Conflitos no campo crescem em número e intensidade onde o capital avança - Blog A CRÍTICA

"Imprensa é oposição. O resto é armazém de secos e molhados." (Millôr Fernandes)

Últimas

Post Top Ad

quinta-feira, 1 de maio de 2014

Conflitos no campo crescem em número e intensidade onde o capital avança



AUTOR: Marcela Belchior
Adital

No último ano, estatísticas sobre diversos setores das lutas populares se agravaram. Por outro lado, 2013 é considerado um ano importante para as mobilizações populares, alterando a agenda de debates e chamando a população brasileira à discussão. A informação é do Relatório Anual da Comissão Pastoral da Terra (CPT), que aponta que os conflitos e a violência no campo atingem, indiscriminadamente, famílias inteiras, homens, mulheres, idosos, jovens e crianças.

O estudo mostra que, diferentemente do restante do Brasil, na Amazônia o número de famílias despejadas em 2013 cresceu 76%. "Como em anos anteriores, os conflitos ganham em número e intensidade nas áreas para onde o capital avança”, destaca a CPT. "Barragens para usinas hidrelétricas, mineração, grilagem de terras, extração de madeira e monoculturas (pecuária, soja, dendê, eucalipto) avançam sobre terras indígenas, quilombolas e de outras comunidades camponesas. A Amazônia continua sendo considerada colônia, fonte de recursos naturais a serem explorados pelo resto do Brasil e do mundo”, explica a publicação.

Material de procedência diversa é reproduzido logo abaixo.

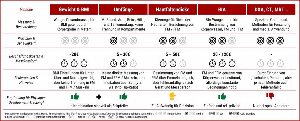 Grundsätzlich sollten für Messungen der Body Composition – vor allem für möglichst genaue Bestimmungen bzw. Hinweise auf Veränderungen des Speicherfetts und der Muskelmasse – mehrere Methoden kombiniert werden. Wenn man mehrere Werte mit einbezieht, hat man ein ziemlich sicheres Tracking-Tool als Bewertungsgrundlage für die Physique Development.
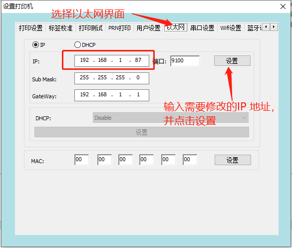E、 如果以上步驟均無法正常獲取到IP 地址,可以嘗試使用USB線連接windows 電腦,使用標簽設置工具進行固定IP 設定
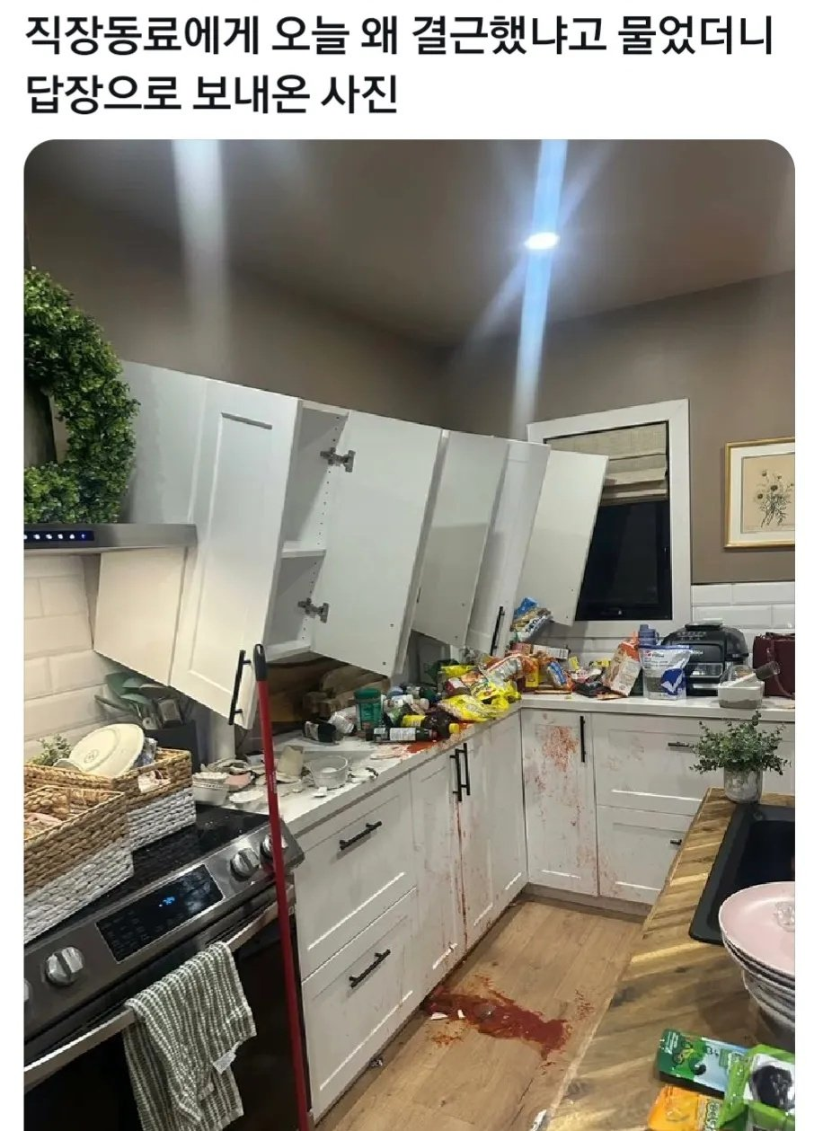 직장동료에게 오늘 왜 결근했냐고 물었더니 답장으로 보내온 사진
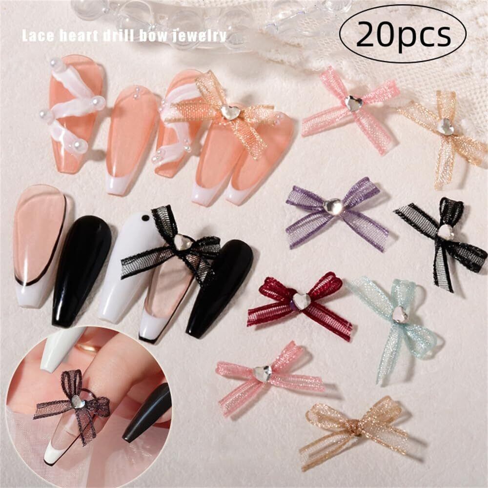 ネイルパーツ リボン ハート 蝶結び ネイルデコパーツ 立体 3D ネイルアート メタルパーツ ジュエリーパーツ 人気 ネイルデザイン おしゃれ アクセサリーパーツ (レースリボン20個)
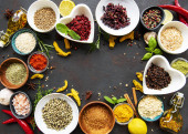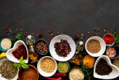 Zdjęcie "Różny asortyment przypraw na czarnym kamiennym tle. Widok z góry. " może być wykorzystywane do celów osobistych i komercyjnych zgodnie z warunkami zakupionej licencji Royalty-free. Obraz jest dostępny do pobrania w jakości wysokiej rozdzielczości do 5760x3840.
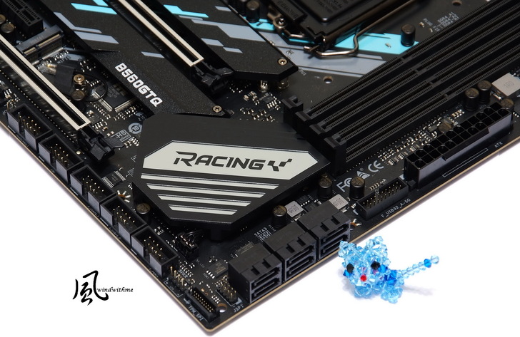 B560晶片組黑銀色散熱片擁有流線外型並搭配RACING標誌RGB燈號。

Com relação à escravidão no campo e na cidade, as estatísticas indicam que 2013 foi o primeiro ano em que o número de resgates no trabalho escravo urbano foi maior do que no rural. A novidade, afirma a CPT, estaria relacionada a uma atenção crescente das equipes de fiscalização com as condições dos trabalhadores de setores econômicos tipicamente urbanos, como a construção civil e a indústria têxtil.

Dos 2.242 trabalhadores resgatados no ano passado no Brasil, 1.153 foram libertados em atividades não rurais, o que representa 51% do total de pessoas retiradas dessas condições. Ainda assim, é no campo que se concentra o maior número de casos de trabalho escravo, com 141 ocorrências (70% do total). "O que se pode destacar é que boa parte dos trabalhadores resgatados no meio urbano foi aliciada no campo”, enfatiza a CPT. Os casos estão ligados à mineração, desmatamento, reflorestamento, carvão vegetal, extrativismo vegetal, cana-de-açúcar e outras lavouras, além da pecuária.

No que diz respeito à violência contra as mulheres, segundo o documento, em 2013, os dados registrados pela CPT indicam que três das 34 pessoas assassinadas são mulheres; uma delas figura entre as 15 pessoas que sofreram tentativa de assassinato; e 40 outras estão registradas entre as 241 pessoas ameaçadas de morte.

Com relação ao número de conflitos e violência contra povos indígenas e comunidades tradicionais, houve um pequeno recuo de 2012 para 2013. Foram registrados 1.266 conflitos no ano passado, quando, em 2012, foram 1.364, referentes a conflitos por terra, trabalhistas e outros. O número de conflitos pela água apresentou crescimento de 32%. Já quanto ao número de violências contra a pessoa, o registro de assassinatos apresentou pequeno declínio de 36 para 34 casos.

No quadro de violências, houve 829 vítimas de assassinatos, ameaças de morte, prisões, intimidações, tentativas de assassinato e outras (238 delas são indígenas). Os estados que lideram o ranking da violência contra índios são Mato Grosso do Sul e Bahia. Por outro lado, no último ano, as ações indígenas se multiplicaram em todas as regiões brasileiras. Foram 156 manifestações, envolvendo 35.208 indígenas. Houve também 61 retomadas de antigos territórios.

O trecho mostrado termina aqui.